The multidisciplinary approach confirmed that the original excavational craters of KOA and OAK were transient features significantly smaller than originally thought and far more compatible with DOD predictions. Processes operating on a scale of hours to years greatly enlarged the size and modified the configuration of the initial craters in the water-saturated test beds. These processes included major failure of the sidewalls of the excavational crater, shock-induced liquefaction, consolidation, upward piping of material (partly from beds far below the excavational crater), and subsidence of the materials below and adjacent to the initial crater.

COGEOMAP, the Federal/State Cooperative Geologic Mapping program, is proving to be an effective program for providing geologic maps of high-priority areas in a timely manner that meet the varied needs of geologic map users. In its third year of activity in fiscal year 1987, COGEOMAP has grown to encompass 30 Federal/State cooperative projects (fig. 16). When the program began in fiscal year 1985, 18 State-proposed cooperative projects were accepted and funding was at the $1 million level. Congress increased funding to the $1.5 million level in fiscal year 1986 and fiscal year 1987.

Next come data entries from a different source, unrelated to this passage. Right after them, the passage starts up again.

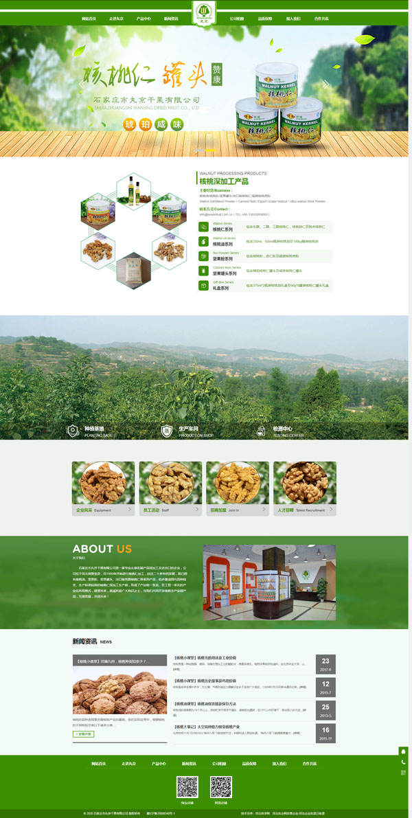石家莊市丸京干果有限公司是一家專(zhuān)業(yè)從事農(nóng)副產(chǎn)品深加工及進(jìn)出口的企業(yè),公司自1995年開(kāi)始進(jìn)行核桃仁加工,經(jīng)過(guò)20多年的發(fā)展,現(xiàn)已擁有核桃油、堅(jiān)果粉、堅(jiān)果罐頭、出口級(jí)各路核桃仁等系列產(chǎn)品,初步建成國(guó)內(nèi)品種較全、生產(chǎn)標(biāo)準(zhǔn)較高的核桃仁深加工生產(chǎn)線,其中核桃油技術(shù)、脫脂核桃微粉技術(shù)獲得了河北省科技成果證書(shū)。公司是河北省著名商標(biāo)企業(yè)、河北省優(yōu)質(zhì)產(chǎn)品企業(yè)、國(guó)家扶貧龍頭企業(yè)、河北省林果產(chǎn)業(yè)龍頭企業(yè)、石家莊市農(nóng)業(yè)產(chǎn)業(yè)化重點(diǎn)龍頭企業(yè),現(xiàn)已經(jīng)形成了產(chǎn)加銷(xiāo)一條龍、農(nóng)工貿(mào)一體化的產(chǎn)業(yè)化布局格式,展望未來(lái),真誠(chéng)歡迎廣大有識(shí)之士,與我們共同開(kāi)發(fā)核桃全產(chǎn)業(yè)鏈產(chǎn)品,互惠雙贏,共創(chuàng)未來(lái)!
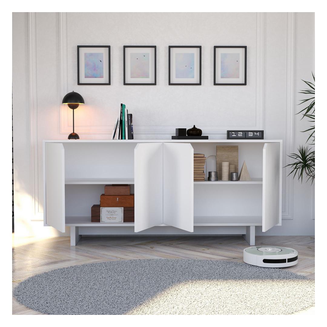 Oma puhaste joonte ja minimalistliku disainiga on see konsool ideaalne stiili ja funktsionaalsuse segu. Valge värv lisab igasse ruumi natuke rafineeritust, samas kui arvukad riiulid pakuvad piisavalt ruumi teie lemmik dekoratiivesemete esitlemiseks.
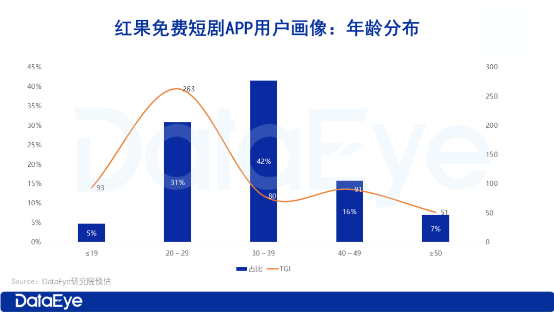 从年龄分布来看,红果短剧用户群体更为年轻化。具体数据显示,40 岁以下用户合计占比超七成,成为平台的核心受众群体。其中,30岁以下用户占比达36%,远超全市场该年龄段1/4的平均水平;而50岁以上用户占比仅为7%,占比相对较低。
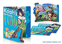 ด้านในประกอบไปด้วยบัตรคุกกี้ ลายพิเศษจำนวน 7 ใบ (49=3, 149=1, 299=1, 399=1, 555=1) รับประกันคุณภาพ และความสวยงาม สิทธิพิเศษสำหรับ Koohs Birthday Collection Set Limited Edition คือ การนำเอา Serial พิเศษในสมุด และเลขที่ของสมุดมาลงทะเบียนร่วมกันในเว็บไซต์ปังย่า เพื่อรับของแถม อย่าง ไม้แมว ทันที อย่างละ 1 ชุดเท่านั้น!! (1 เซ็ท ได้ 1 ชุด)
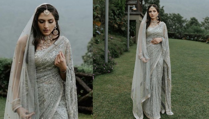Another bride, Pari Bishnoi picked a soft grey-toned see-through saree with sequinned detailing from Sabyasachi Mukherjee's collection. Her outfit was a breath of freshness as she got engaged in Darjeeling, India. Without over-accessorising her look, the bride opted for a minimal choker neckpiece, matching earrings, and a maangteeka. She also wore a matching dupatta which was tucked on her head.
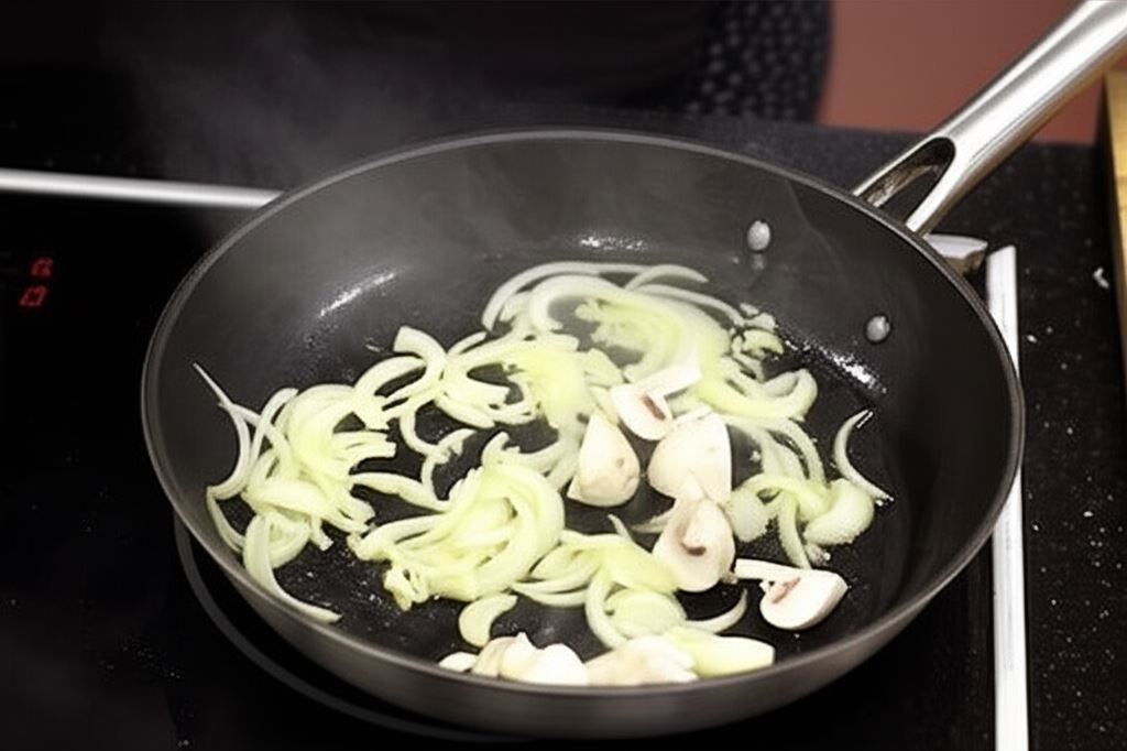 Czosnek posiekaj i podsmaż na gorącej oliwie, potem wsyp pokrojoną w piórka cebulę i smaż moment razem. Dodaj pieczarki.

During fiscal year 1987, major projects under the program included continuing work on new State geologic maps for Arizona, Hawaii, Montana, New Hampshire, New Jersey, New Mexico, Virginia, and Washington. Detailed mapping projects were carried out in Alabama, Alaska, Arkansas, Idaho, Illinois, Indiana, Maine, Minnesota, Missouri, Nebraska, Nevada, North Carolina, North Dakota, Oklahoma, Oregon, Rhode Island, Tennessee, Texas, Utah, Vermont, Wisconsin, and Wyoming to identify mineral, energy, and water resources and delineate geological hazards. Significant results from the overall program include • Discovery of new high-BTU coal seams and fluorspar exploration targets in Illinois. • Development of land-use plans for the southern coast of Maine that will protect ground water in this urbanized area.

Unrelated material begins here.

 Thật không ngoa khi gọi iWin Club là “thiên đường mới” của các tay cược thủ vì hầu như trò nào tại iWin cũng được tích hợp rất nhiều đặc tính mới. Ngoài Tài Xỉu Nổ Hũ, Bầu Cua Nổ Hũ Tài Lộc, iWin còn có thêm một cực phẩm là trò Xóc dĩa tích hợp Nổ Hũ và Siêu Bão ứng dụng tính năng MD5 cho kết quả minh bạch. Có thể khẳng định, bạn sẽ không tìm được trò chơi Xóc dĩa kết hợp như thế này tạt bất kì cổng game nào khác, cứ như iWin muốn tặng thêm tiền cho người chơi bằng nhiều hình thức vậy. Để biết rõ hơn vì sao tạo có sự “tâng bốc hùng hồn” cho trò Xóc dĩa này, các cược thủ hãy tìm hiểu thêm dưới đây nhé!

• Completion of detailed geologic mapping of four mountain ranges in the Phoenix, Arizona, region, which has stimulated mineral exploration and aided in the planning for construction of a major earth-fill dam. • Stimulation of mineral exploration in the Wind River Mountains area of Wyoming and of petroleum exploration in the Ouachita Mountains of Oklahoma and Arkansas.

Beginning in fiscal year 1988, the COGEOMAP program becomes a major component of the new National Geologic Mapping (NGM) program, which will seek to accelerate geologic mapping to meet the continuing strong demand for modern geologic maps from the public and private sectors. Other major goals of the NGM program are • Identifying, on a province-by-province basis, critical earth-science data needs that require new or additional intermediate- to large-scale geologic mapping. • Establishing national geologic mapping priorities by province in order to focus future mapping on critical areas.

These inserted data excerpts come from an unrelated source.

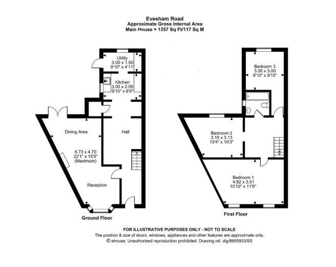 Upstairs comprises three well proportioned double bedrooms and a family bathroom, offering comfortable accommodation and flexible living space.
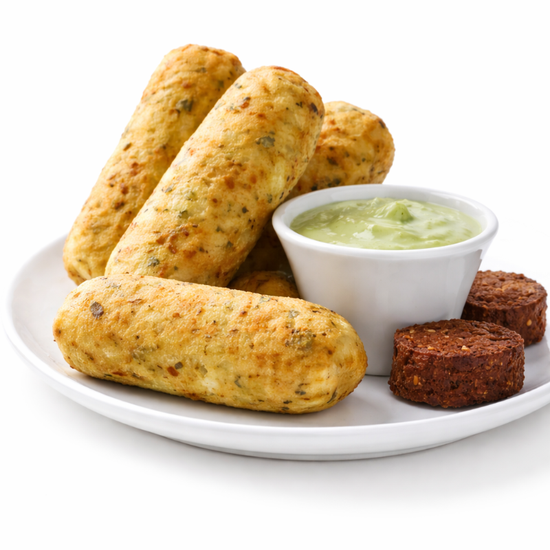 Bolinho de aipim, bolinhos de falafel ou anéis de cebola. Escolha o tipo de salgado e o molho.
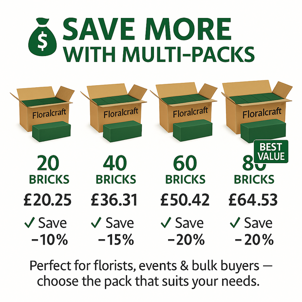 • Pack of 20 bricks — trade-friendly carton ideal for busy florist shops and events.
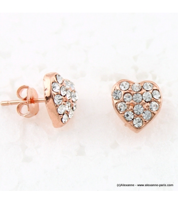 Vous allez être séduites par ces mignonnes boucles d'oreille coeur en métal et strass ! Discrètes et élégantes, elles sont dotées d'un fermoir de type poussette. Ce bijou vous comblera d'amour...
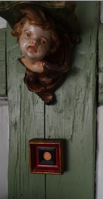 Ein kleines Rähmchen sägen , eine Glasscheibe von hinten einsetzen und von vorne dann den passenden " Pfennig "
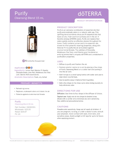 All words with trademark or registered trademark symbols are trademarks or registered trademarks of dōTERRA Holdings, LLC ©2019 dōTERRA Holdings, LLC Purify PIP US 012919

• Increasing the coverage of the United States by intermediate- and large-scale geologic maps in provinces or portions of provinces of highest national priority. • Coordinating and integrating subsurface studies, particularly geophysical, geochemical, and hydrologic investigations, with surface geologic mapping. • Preparing and maintaining a system for an annual nationwide inventory of current geologic mapping and published map coverage. • Encouraging greater production and public availability of geologic maps. • Cooperating with the State geological surveys and the National Academy of Sciences to set standards for future geologic maps. • Evaluating and implementing new technologies and methodologies for geologic map compilation.

Within the broad program goals of NGM, COGEOMAP will continue to link USGS geologists possessing regional experience and technical expertise with the staffs of State geological surveys who possess detailed local information.